Brief: More than half of US institutional investors report that the events of 2020, including the protests over George Floyd’s death at police hands, have influenced their thinking on diversity and inclusion in their investments. A survey of 100 institutional investors by Aon found that 58 per cent have become more attuned to issues of gender and ethnic diversity in their investment approach and thinking. Investors may also be responding to a shifting climate in the industry, with stakeholders and shareholder activist groups upping their focus on diversity. Aon’s survey found that 11 per cent of investors say they have felt greater pressure from stakeholders to take concrete action by investing with diverse managers in the last year. Another 18 per cent reported that constituents, boards and beneficiaries are now asking for statistics on diversity within their portfolio, while 13 per cent of investors felt more pressure to engage with diverse investment firms.
Brief: Some of the world’s top money managers are betting on a post-pandemic spending boom that will boost real-world companies as economies reopen and people go back to their normal lives.
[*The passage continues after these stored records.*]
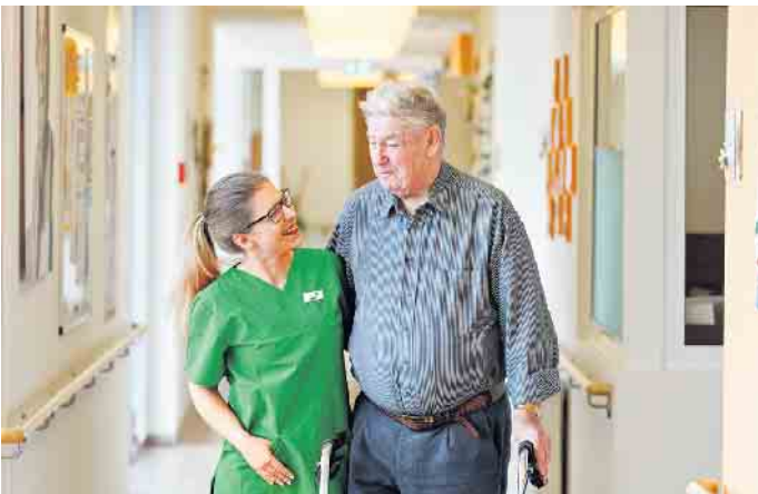
Altenpflege ist ein Beruf mit viel zwischenmenschlichem Kontakt, der sich auch familienfreundlich gestalten lässt.

ren. „Wichtig und extrem motivierend ist für mich der ständige Austausch mit den Bewohnern. Viele sind wegen ihrer Lebenserfahrung ein Vorbild für mich und geben mir täglich sehr viel.“ (DJD)
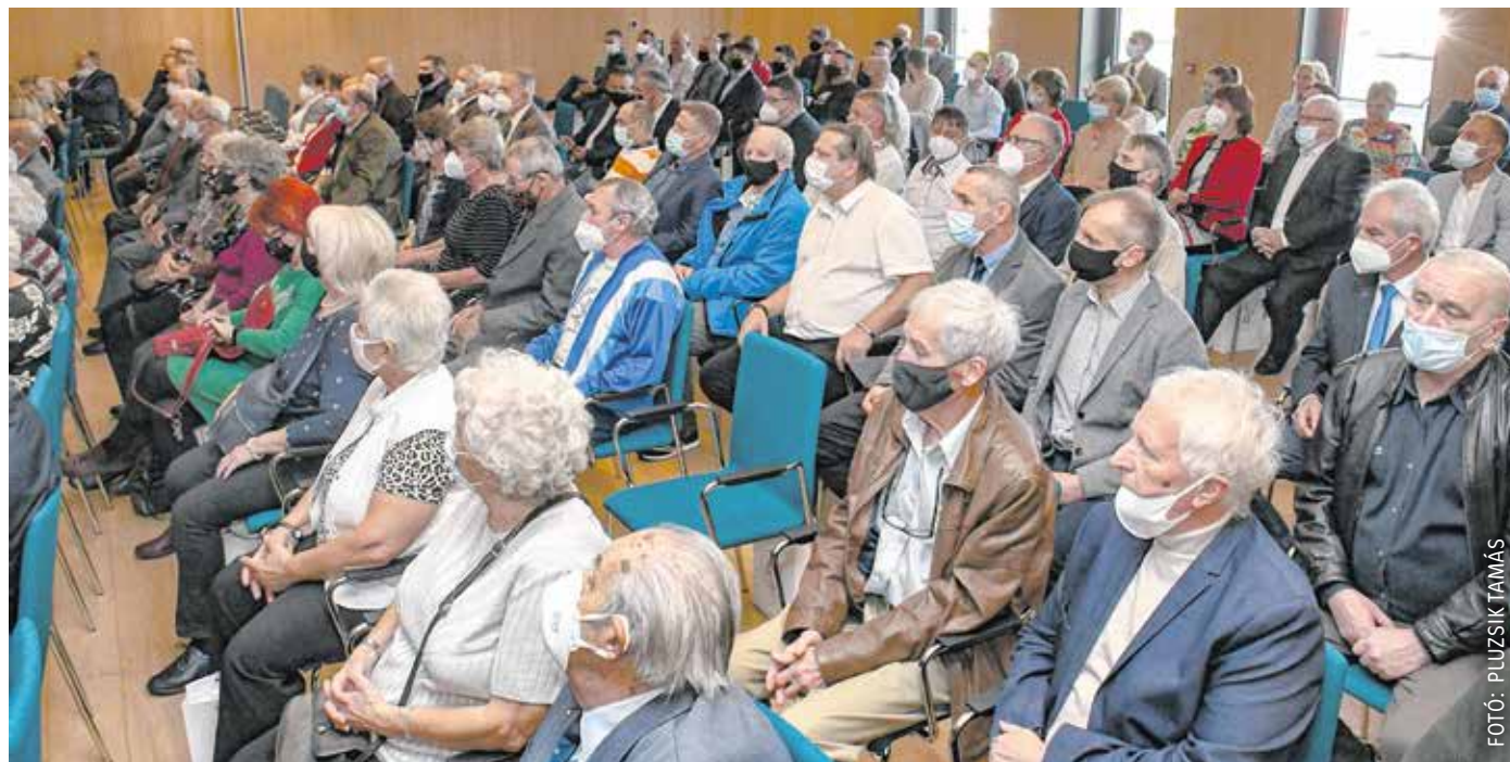
A jubileumi rendezvényen köszöntötték az SVSE legeredményesebb sportolóit, valamint az egyesület volt és jelenlegi tagjait.

– Hogyan működött együtt az elmúlt száz évben a GYSEV és az SVSE?
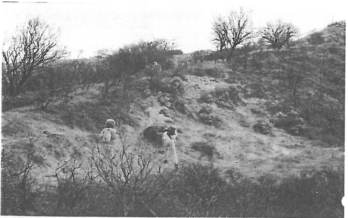
De auteurs aan het werk in de kuil waar het vuur 'overheen was gegaan'. Vindplaats van 433 eidoppen. Oktober, 1994.
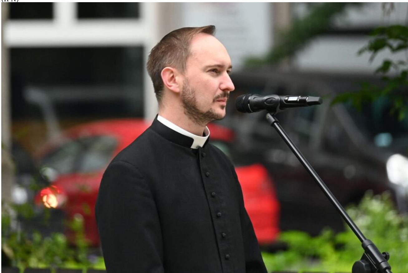
Kraków. Uroczystości w 86. rocznicę pierwszego masowego transportu więźniów do KL Auschwitz.
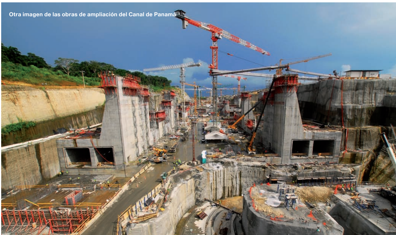
Otra imagen de las obras de ampliación del Canal de Panamá

Asimismo, el Ministerio de Salud del Gobierno de Panamá ha adjudicado a COMSA y a Teyco la construcción de otros tres hospitales de 2.746 m 2 cada uno.
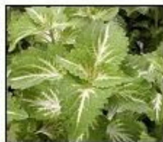
КОЛЕУС шлемниковидный 'Rustic orange'
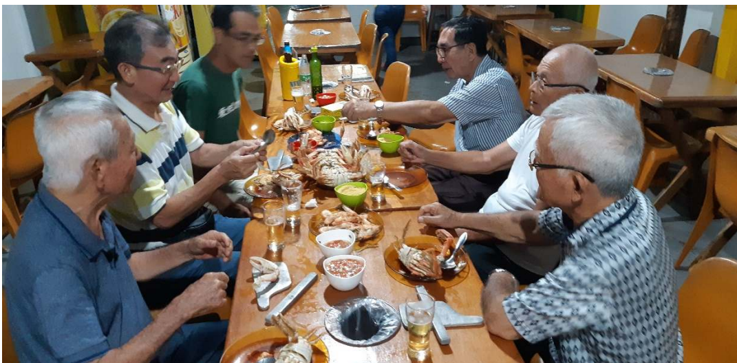
1月25日 ベレン市の Gatinho にて、泥ガニと河エビでの夕食。
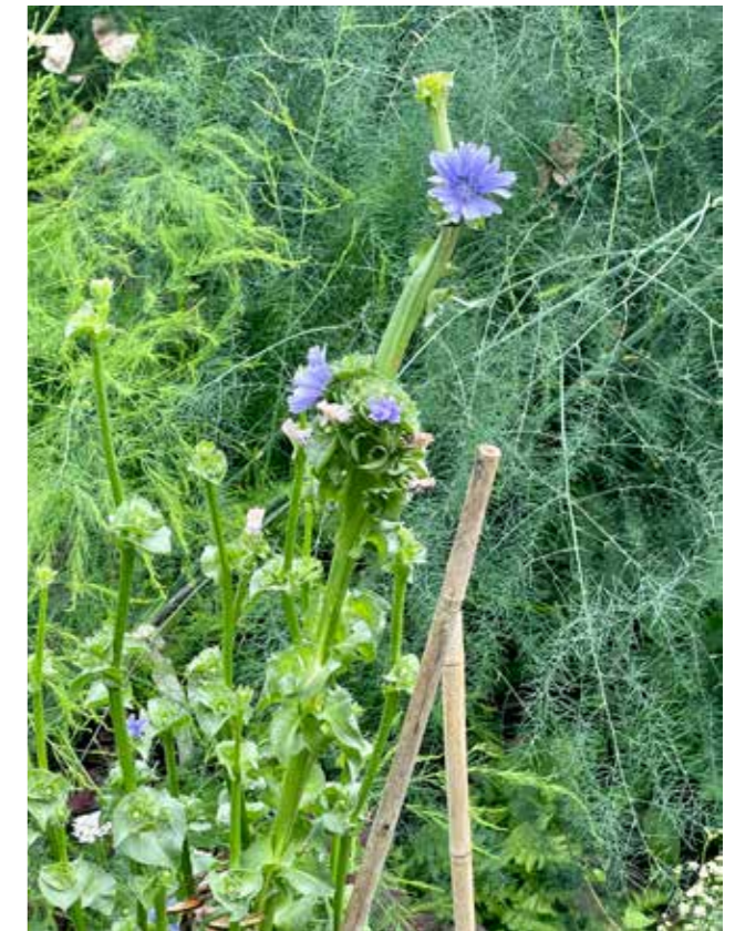
“Ik heb de andijvie laten bloeien voor het zaad, wat een prachtige bloem hé”
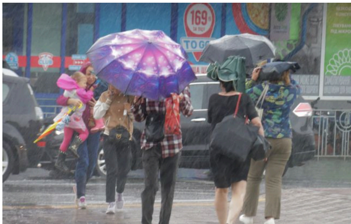
Фото: синоптик дала прогноз погоди на вихідні
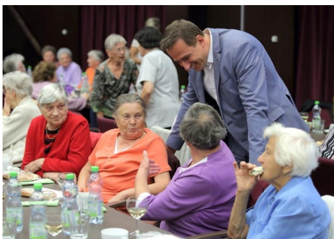
Setkání seniorů s představiteli města
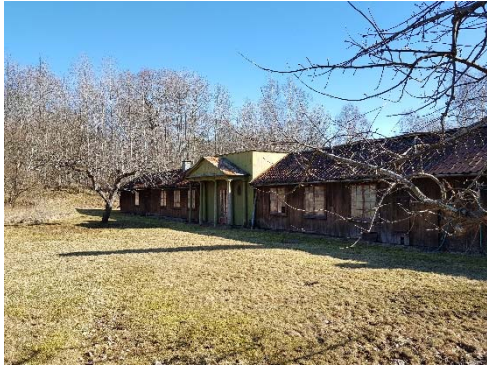
Figur 66. Orangeriet sett från nordväst.

Dokumenterade äldre kulörer: På pelarna finns en äldre kulör; S5502-G/S5500-N. Eftersom denna inte återkommer på det gröna väggpartiet hålls det för sannolikt att denna gråa ton hör samman med skedet innan flytten till Hallunda
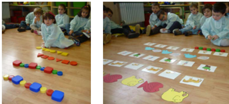
Figura 9. Seriaciones con distintos tipos de materiales

Se hacen seriaciones con material no estructurado (tapones de diversos tamaños, formas y colores) y con material estructurado (bloques lógicos, tarjetas de conceptos gráficos, formas figurativas o abstractas...) (Figura 9).
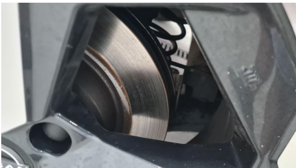
Photo 16. Tarcza hamulcowa tylna prawa
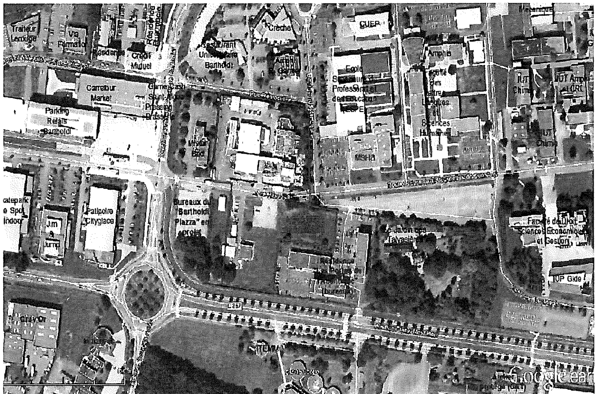
Environnement du site
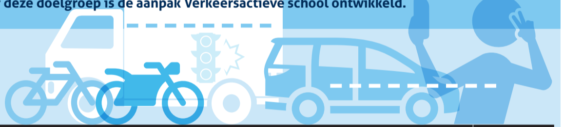
Percentage deelnemende Verkeersactieve scholen

Kinderen en jongeren van 4 - 17 jaar behoren tot de meest kwetsbare verkeersdeelnemers. Voor deze doelgroep is de aanpak Verkeersactieve school ontwikkeld.

Investors from Aberdeen Standard Investments Inc. and GAM Investments to UBS Asset Management are increasingly pouring money into companies where face-to-face interaction is the norm -- things like travel companies, restaurants, off-line shopping and “consumer experiences.” “A lot of people are estimating this is really going to lead to a new ‘roaring 20s’ theme,” said Swetha Ramachandran, the manager of GAM’s Luxury Brands Equity fund, referring to growing views that post-pandemic spending will hark back to the excesses of the 1920s. That’s when euphoric consumers piled into a wave of spending after the first World War and the 1918 flu pandemic. “There will be a lot of peacocking” as people start socializing, she said. Investors began piling into cyclical stocks that benefit from an economic rebound late last year following good news on the vaccine front, while pulling back from high-valued technology stocks. The rotation accelerated as Treasury yields rose in mid-February.
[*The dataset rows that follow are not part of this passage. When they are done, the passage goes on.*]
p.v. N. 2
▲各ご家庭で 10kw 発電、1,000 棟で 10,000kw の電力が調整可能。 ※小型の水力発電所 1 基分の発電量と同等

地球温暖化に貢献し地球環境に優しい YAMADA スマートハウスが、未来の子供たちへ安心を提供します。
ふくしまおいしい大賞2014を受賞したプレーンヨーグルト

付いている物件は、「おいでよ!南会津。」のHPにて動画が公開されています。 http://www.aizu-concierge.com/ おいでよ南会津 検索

Brief: Investment scam reports surged by almost a third (32%) during 2020, with losses to these scams increasing 42% to £135.1m, according to a report by trade body UK Finance. So called ‘authorised' fraud losses increased 5% in 2020 to £479m as scammers ramped up online activity during the pandemic, its latest Fraud the Facts report stated. Unauthorised fraud losses dropped 5% as lockdown restrictions forced criminals to switch tactics, but were still very high at £784m, the latest Fraud the Facts report also revealed. Impersonation scam cases almost doubled to nearly 40,000 cases during the year. The shocking figures show why tackling scam activity, particularly online, needs to be prioritised across Government, UK Finance argued in the report. UK Finance is specifically calling for fraud to be included in the scope of the government's Online Safety Bill to better protect consumers from these scams. This would ensure that online platforms such as social media firms, search engines and dating websites take action to address vulnerabilities in their systems that are being exploited by criminals to commit fraud.